◆ What needs to be done ◆
Print the lines that start the entries and continue through the one holding "WARP comes to", please, exactly and with the pictures omitted.

[Dataset records]
★ ★ ★ ★ ★ ★ ★
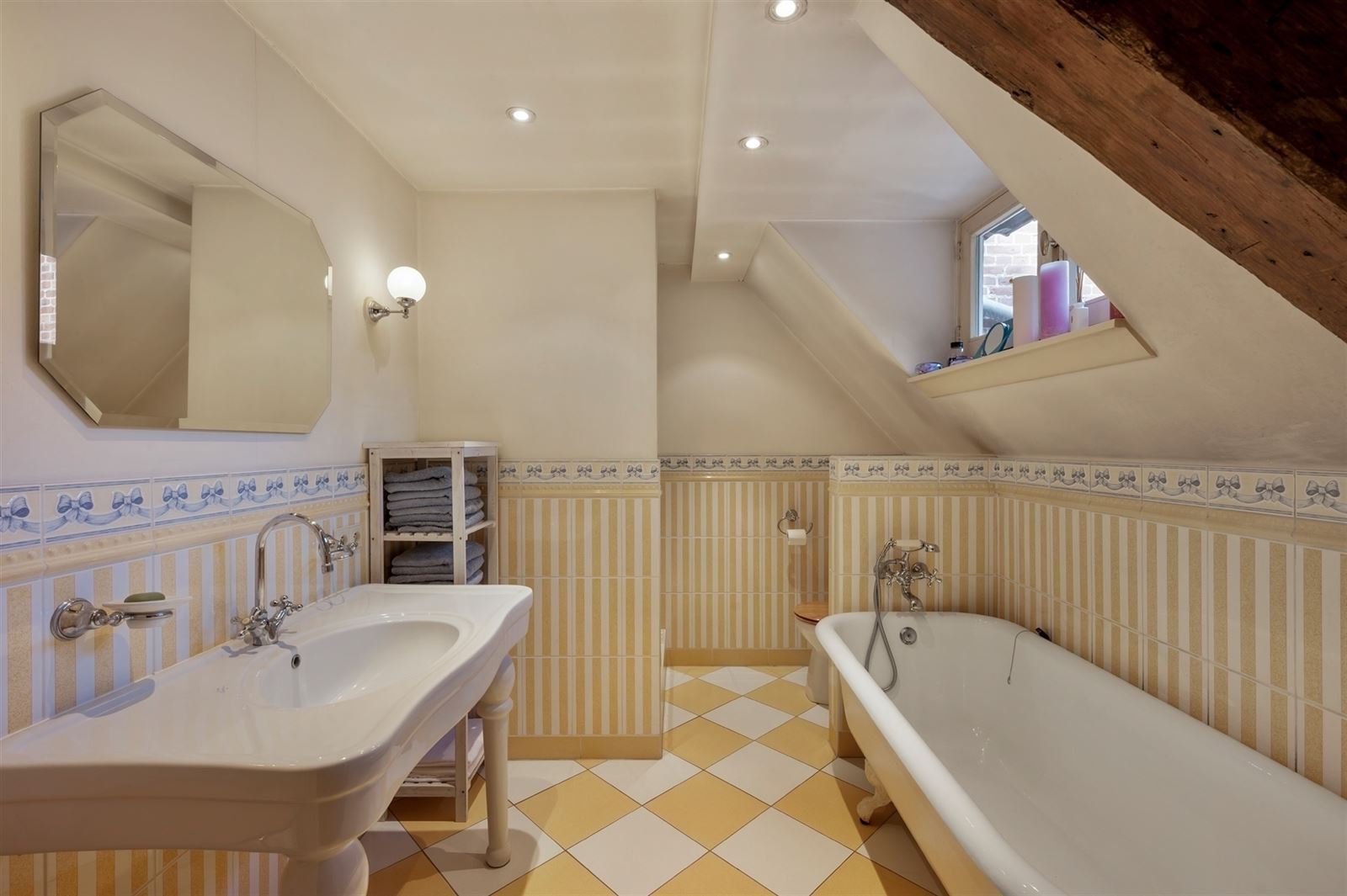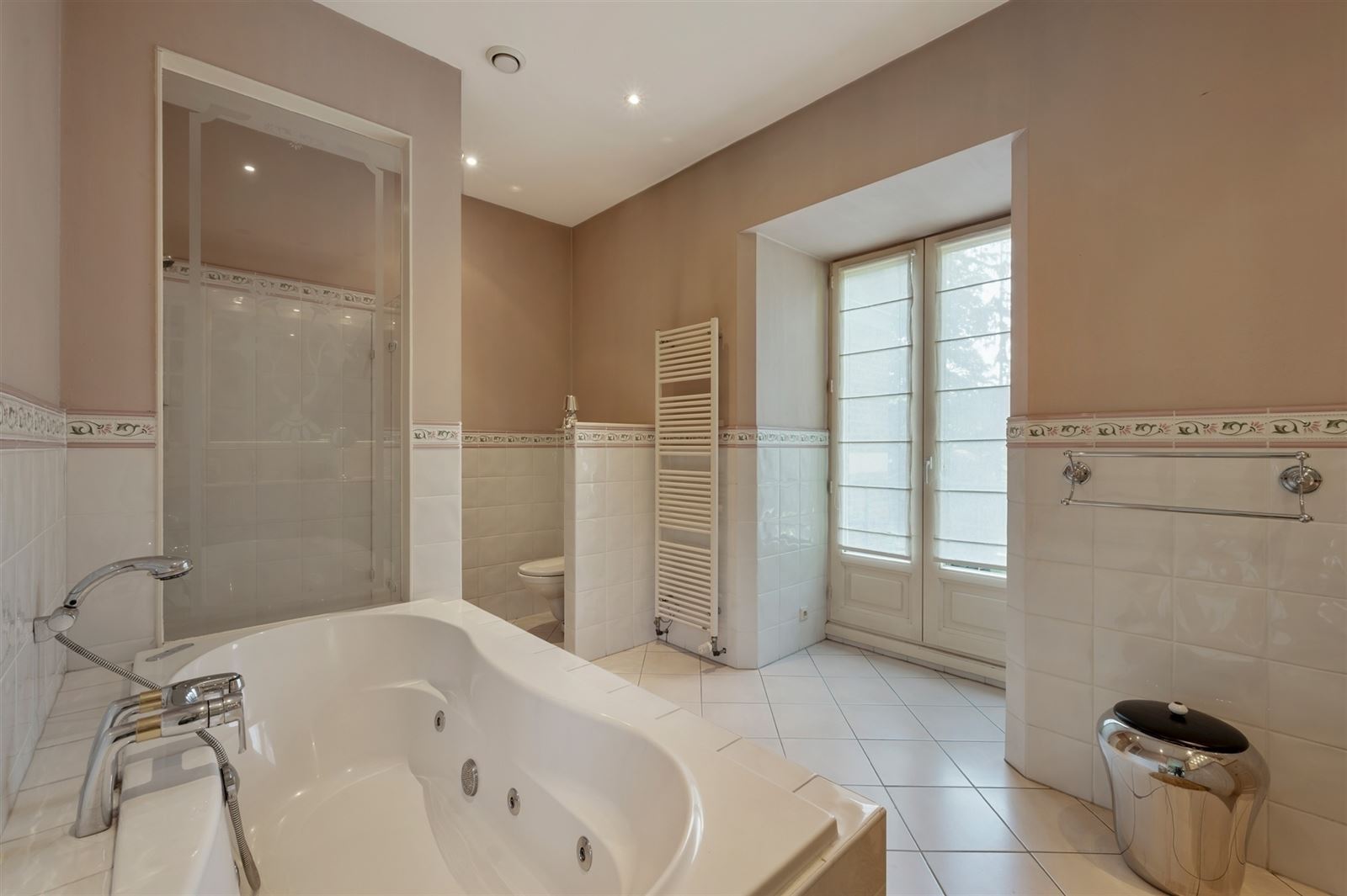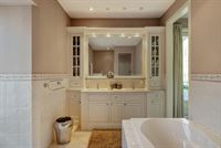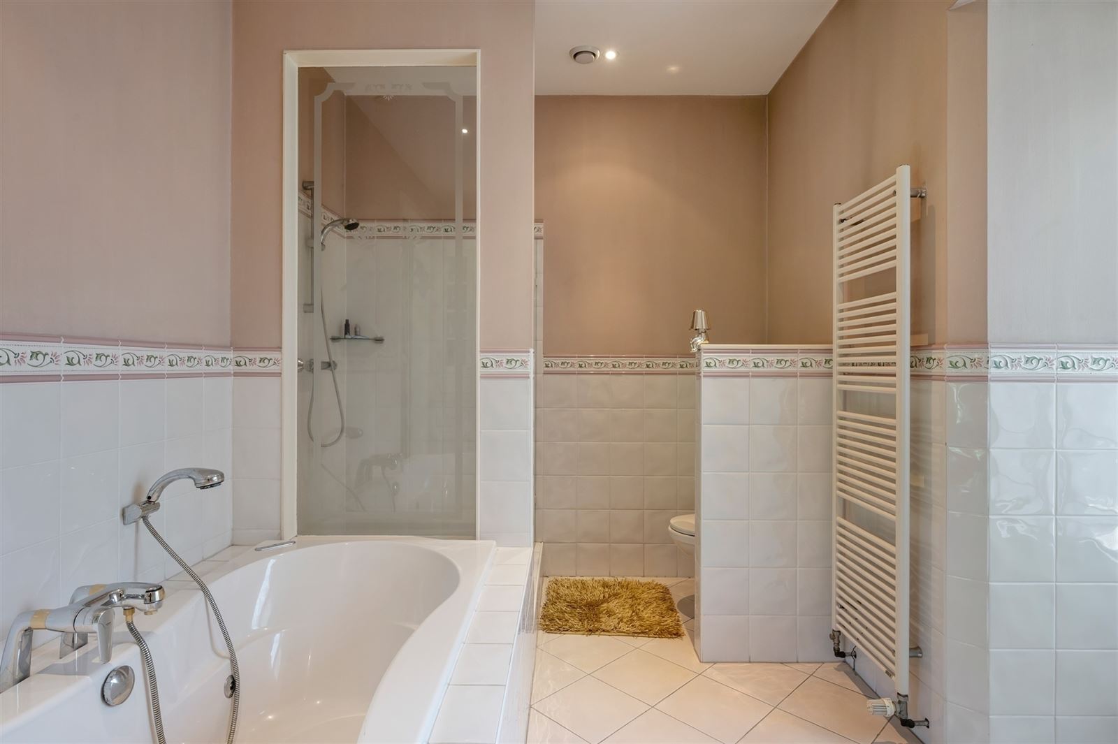 Aansluitend badkamer met bad, douche, toilet en dubbele lavabo.
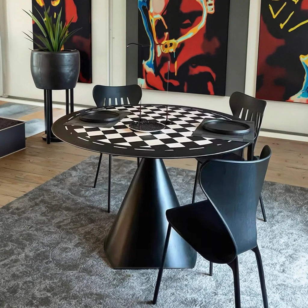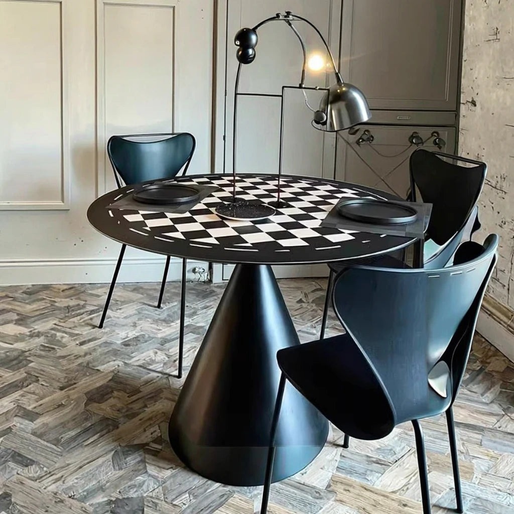 Minimalist Matte Stone Dining Table with Architectural Profile Metal Seating
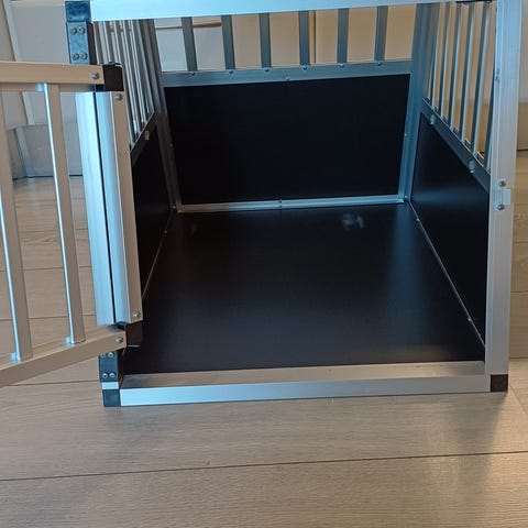 Lett og stabilt hundebur av aluminium og MDF. Skrår foran og bak for å passe i bilens bagasjerom. Med gitter som gir hunden god ventilasjon og utsikt. Enkelt å holde rent.
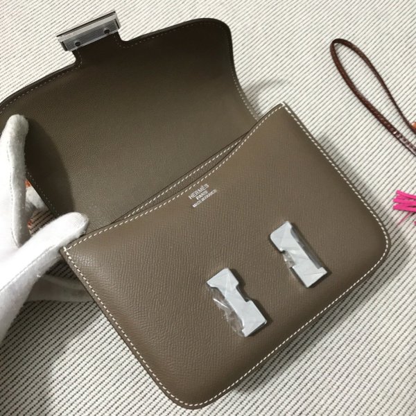 Hermes Constance Bolsa 18cm Epsom Leather Grey Dark Grey
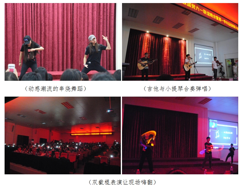 游戏结束之后,由15级国贸C班别锦瑾和徐嘉琪同学带来的串烧舞蹈将现场气氛带动了起来,活跃的舞姿引得掌声如雷。而后, A班同学陈杰坤用吉他与小提琴合奏弹唱《小莉》和《梦一场》,动听的旋律深深吸引着在场的同学们;彭家杰同学深情独唱《天梯》,深情的独特音色和轻快的节奏引起一阵阵掌声;B班同学郑楚鸿和马声绵带来的双截棍表演,结合动感的音乐,更是让现场嗨翻。一个个洋溢着青春气息的节目将现场气氛推动到一个个热潮当中。
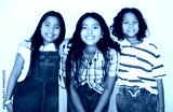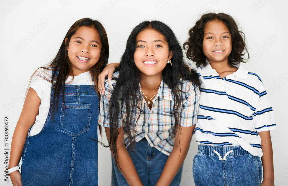 teen girl with 9 years thailand twin on studio white background with teen sister
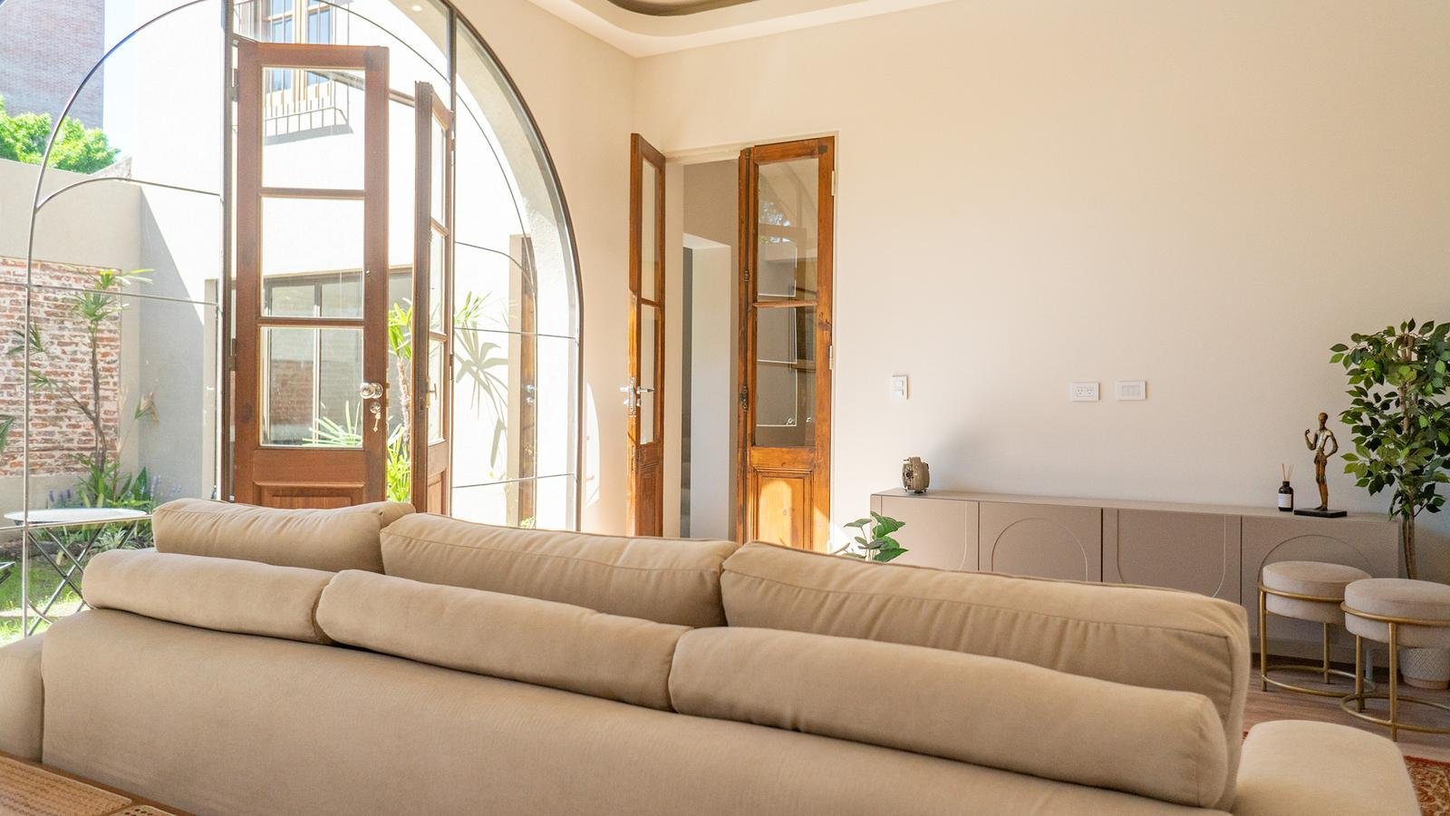 SE INGRESA POR UN AMPLIO LIVING - SALA DE ESTAR CON VENTANALES MODERNOS QUE DAN A UN PATIO CON PILETA Y ESPACIOS VERDES
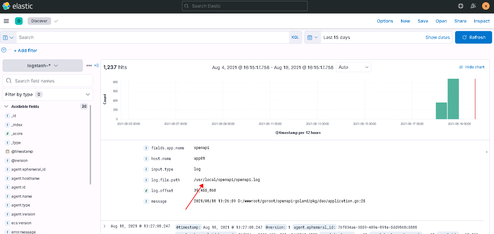 在kibana中查看filebeat采集的日志文件已经成功的上传到elasticsearch中了
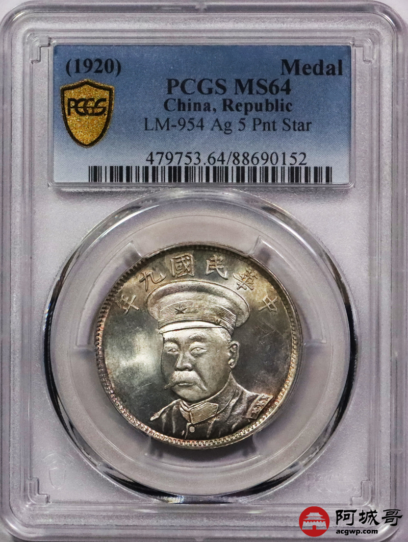 Lot:3190 1920民国九年安庆造币厂造倪嗣冲像银质纪念章一枚,银光四射,淡彩,打制极其精美,此枚为PCGS 评级亚军分,高于此分数仅2枚PCGS MS64评级编号:88690152
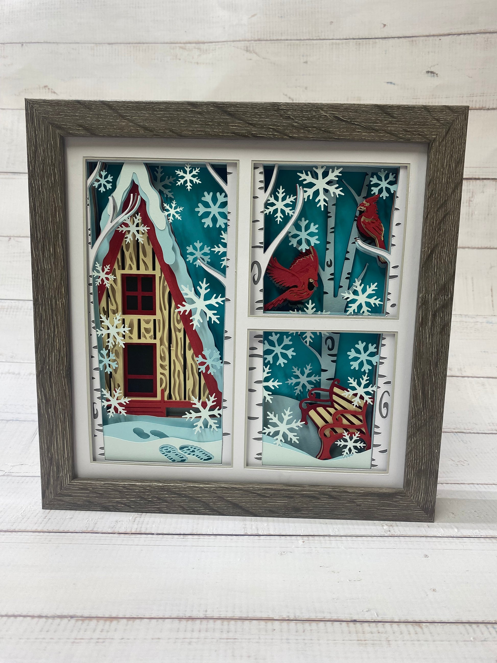 Experience the beauty of winter with our Winter Cabin Shadow Box. Featuring a charming cabin surrounded by birch trees and cardinals, this cozy piece adds a touch of nature to any home. Bring the outside in and create a warm and inviting atmosphere with this unique and detailed shadow box.
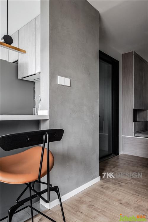 為了使工業(yè)風(fēng)的空間感覺不那么生硬冰冷,吧臺則使用橙色餐椅,用跳色搭配手法來中和整體空間的視覺感覺。
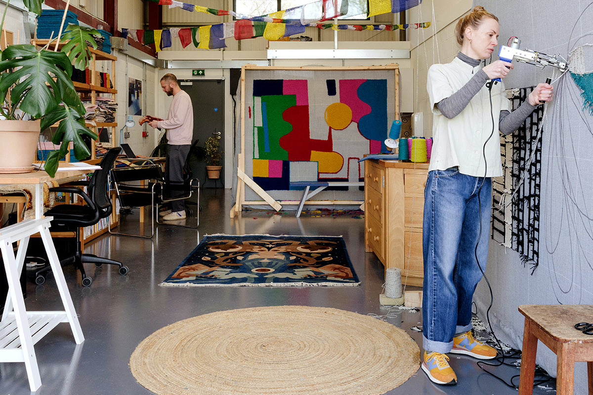 WARP comes to life through a deeply satisfying creative process in their Somerset studio. Using tufting looms, they craft small, individual artworks, while larger collections and bespoke commissions are brought to fruition in collaboration with their extended weaving family.
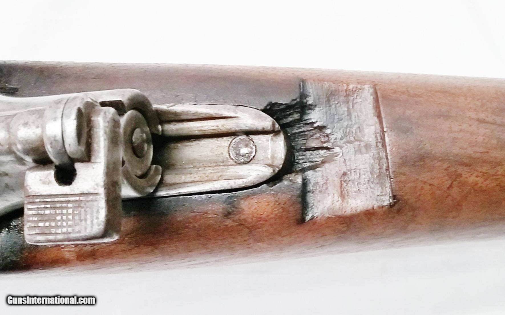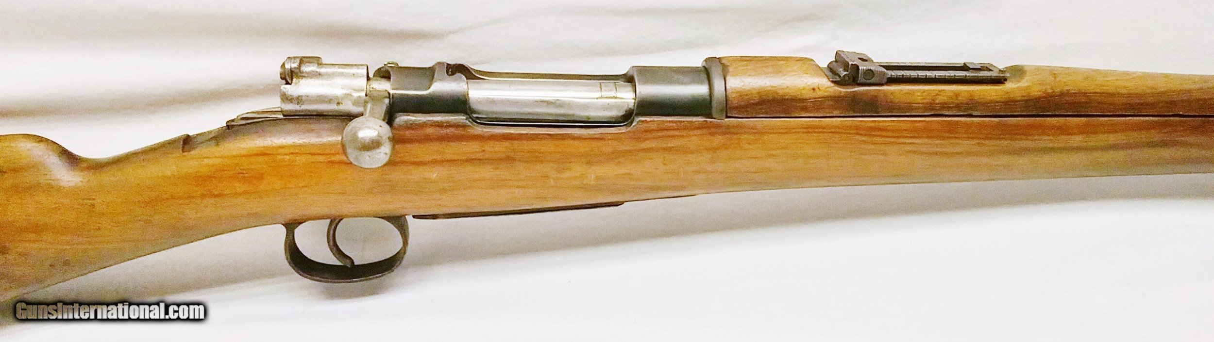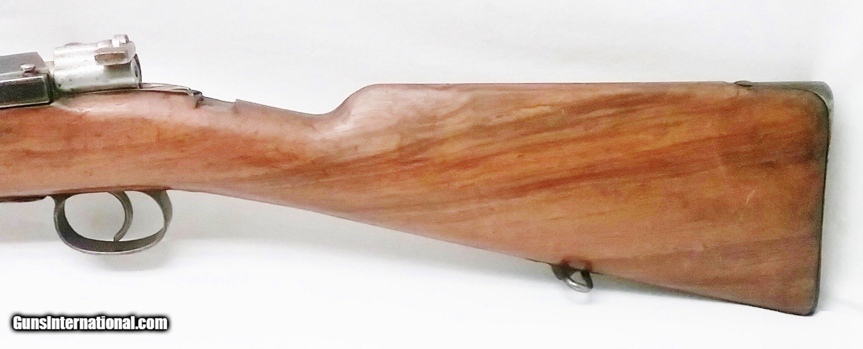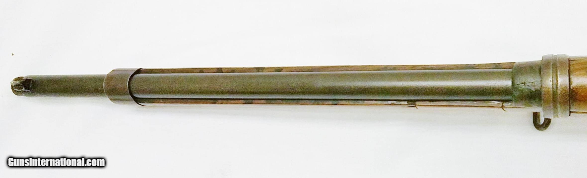 Description: This 7x57mm Spanish Mauser Model 1893 has a 29-1/4” blued tapered round barrel mounted with an adjustable rear sight and a drift-adjustable front sight. The top of the receiver is stamped with a crown and “Fabrica De Amas Oviedo” and is dated 1921. The rear left side of the receiver has a circle G stamp and the serial number. The bore is good. The Select Hardwood stock with handguard are in good condition with the exception of the removal of some wood near the rear of the receiver, and some scratches and handling marks. There is also a repaired section where a new piece of wood was spliced forward of the rear barrel band. The gun features 2 military sling swivels and a bayonet lug. The numbers on this gun are non-matching. Length of pull is 13”, overall length is 48-1/4”, weight is 8.4 lbs. Our stock number is A924. Will ship to any FFL, anywhere in the United States. Buyer pays freight and insurance. SOLD Manufacturer: Fabrica De Amas Oviedo Model: Mauser Model 1893 Caliber Info: 7x57mm Bore: Rifled Condition: Good Wood Condition: Good Bore Condition: Good Barrels: One Barrel Type: Tapered Round Action: Bolt Action Triggers: One Stock: Select Hardwood Butt Pad: Metal LOP: 13 Finish: Blued Weight: 8.4 lbs Sights: Adjustable Item Location: OR |
★ ★ ★ ★ ★ ★ ★
◆ Your response ◆
 Aansluitend badkamer met bad, douche, toilet en dubbele lavabo.
 Minimalist Matte Stone Dining Table with Architectural Profile Metal Seating
 Lett og stabilt hundebur av aluminium og MDF. Skrår foran og bak for å passe i bilens bagasjerom. Med gitter som gir hunden god ventilasjon og utsikt. Enkelt å holde rent.
 Hermes Constance Bolsa 18cm Epsom Leather Grey Dark Grey
 游戏结束之后,由15级国贸C班别锦瑾和徐嘉琪同学带来的串烧舞蹈将现场气氛带动了起来,活跃的舞姿引得掌声如雷。而后, A班同学陈杰坤用吉他与小提琴合奏弹唱《小莉》和《梦一场》,动听的旋律深深吸引着在场的同学们;彭家杰同学深情独唱《天梯》,深情的独特音色和轻快的节奏引起一阵阵掌声;B班同学郑楚鸿和马声绵带来的双截棍表演,结合动感的音乐,更是让现场嗨翻。一个个洋溢着青春气息的节目将现场气氛推动到一个个热潮当中。
 teen girl with 9 years thailand twin on studio white background with teen sister
 SE INGRESA POR UN AMPLIO LIVING - SALA DE ESTAR CON VENTANALES MODERNOS QUE DAN A UN PATIO CON PILETA Y ESPACIOS VERDES
 在kibana中查看filebeat采集的日志文件已经成功的上传到elasticsearch中了
 Lot:3190 1920民国九年安庆造币厂造倪嗣冲像银质纪念章一枚,银光四射,淡彩,打制极其精美,此枚为PCGS 评级亚军分,高于此分数仅2枚PCGS MS64评级编号:88690152
 Experience the beauty of winter with our Winter Cabin Shadow Box. Featuring a charming cabin surrounded by birch trees and cardinals, this cozy piece adds a touch of nature to any home. Bring the outside in and create a warm and inviting atmosphere with this unique and detailed shadow box.
 為了使工業(yè)風(fēng)的空間感覺不那么生硬冰冷,吧臺則使用橙色餐椅,用跳色搭配手法來中和整體空間的視覺感覺。
 WARP comes to life through a deeply satisfying creative process in their Somerset studio. Using tufting looms, they craft small, individual artworks, while larger collections and bespoke commissions are brought to fruition in collaboration with their extended weaving family.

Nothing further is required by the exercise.